Koszi żyła u swej pani ponad rok, w tym czasie zaraz przy pierwszej cieczce pani nie upilnowała suni i tak Koszi urodziła szczeniaki które zostały utopione.
Co prawda pani pod przymusem wysterylizowała sunie umawiajac się z weterynarzem, że za sterylke zapłaci na raty, do dnia dzisiejszego nie wpłaciła ani jednej raty, bo przecież pieniadze na alkochol są ważniejsze.

Koszi nigdy nie była szczepiona zachorowała na nosówke, może gdyby sunia odrazu była leczona to teraz jej stan nie byłby tak tragiczny, ale przecież po co przejmować się psem który ma zaropiałe oczy potem nos a po tygodniu słania sią na nogach, właścicielka stwierdziła,że jej pies jest zdrowy i leczyć go nie będzie.

Sunia żyje dzięki interwencji sąsiadów którzy przymusem zabrali ja do weterynarza.

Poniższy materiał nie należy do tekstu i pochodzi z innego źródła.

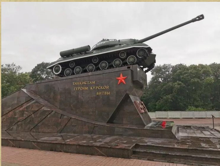
Памятник «Танкистам – героям Курской битвы»

В Курске в 1987 г. был установлен памятник «Танкистам – героям Курской битвы».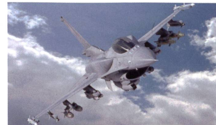
Die neueste Version der Fighting Falcon.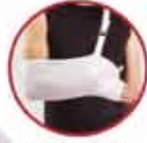
Arm Sling MV 160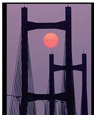
写真題名「ベイブリッジ昇陽」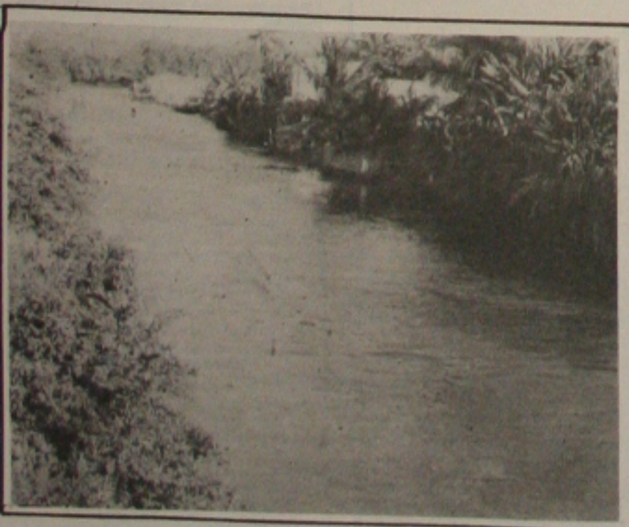
O nível do rio Poxim caiu dois metros no verão

sem água. A redução da capacidade do rio é agravada pelo aumento do consumo de água, provocado pelo forte calor. O problema pode agravar-se se as chuvas custarem a chegar. Segundo o Deso, os sistemas de Itura e Cabrita, que auxiliam o Poxim, também estão com a sua produção abaixo da cota normal. (Página 5A).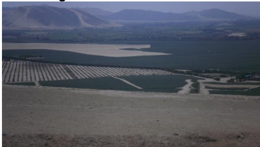
Figura 5 – Zonas de cultivo

Las figuras 5 y 6 muestran los cultivos en una zona desértica y la canalización de las aguas del río Santa.

Został wyniesiona w kocu bo o własnych siłach nie była w stanie pojść, diagnoza weta jednoznaczna nerwowa odmiana nosówki.
Koszi w tym samym dniu trafiła do schroniska.
Jak ją zobaczyłam to chciało mi się płakać. Sunia zamerdała ogonkiem gdy do niej podeszłam, ale nie była w stanie się podnieśc choć próbowała. Gdy ją głaskałam lizała mnie po rękach, ona chce żyć!!

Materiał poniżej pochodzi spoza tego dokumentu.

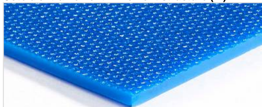
Côté d'entraînement: Finement structuré (FI)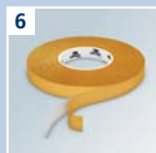
6 URSA CLICK doppel- seitiges Klebeband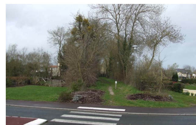
Le chemin pédestre depuis l'av du Roussillon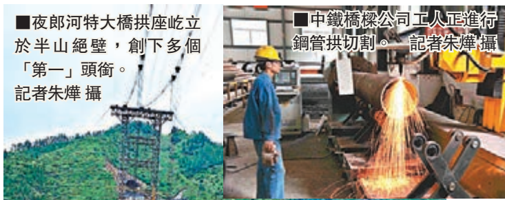
■夜郎河特大橋拱座屹立于半山絕壁,創下多個「第一」頭銜。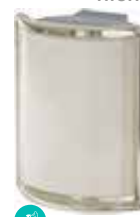
BIANCO ANG O MET SAP CODE: 120815

Koszi jest leczona, dostaje antybiotyki i kroplówki tyle można dla niej zrobić, reszta zależy od niej samej, siły jej organizmu. Weterynarz daje 5%, ze sunia z tego wyjdzie. Ale my będziemy o nią walczyć!!!
Po wyleczniu istnieje duże prawdopodobieństwo, ze Koszi nigdy nie bedzie juz zdrowym normalnym psem, pozostanie jakiś ślad po tej chorobie, wiem jedno jej serce i ogromna miłość do ludzi którzy wyżądzili jej tyle zła pozostanie taka sama.

Koszi przebywa w schronisku w Rudzie Śląskiej i tam ma małe szanse, dlatego potrzebny jest dom tymczasowy!!!

Jej właścicielka będzie miał wytoczona sprawę sądową o utopienie szczeniat i znęcanie się nad sunią.

Kontakt:
piankaa@interia.pl
gg 2762302
tel 501208670




Dobra, aktualnie najważniejszy jest ten lek. Nazywa się interferon i kosztuje coś koło 400zł. Zbieramy pieniądze na lek.
Sunia czuje sie troszke lepiej drgawki są mniejsze. Weterynarz podaje nadal antybiotyki powiedział że interferon moze pomóc odbudować odporność ale nie naprawi zmian w mózgu do których napewno doszło przy nosówce nerwowej.

Justyna zdecydowała, że na konto schroniska nie będziemy wpłacac pieniędzy, bo niewiadomo czy oni przeznaczą pieniędze akurat na Koszi. Na konto prywatne tez nie, bo ktos może nas oskarżyć, że oszukujemy i bierzemy pieniądze dla siebie.
Pieniądze będą wpłacane na konto dogomaniackie z dopiskiem "Koszi"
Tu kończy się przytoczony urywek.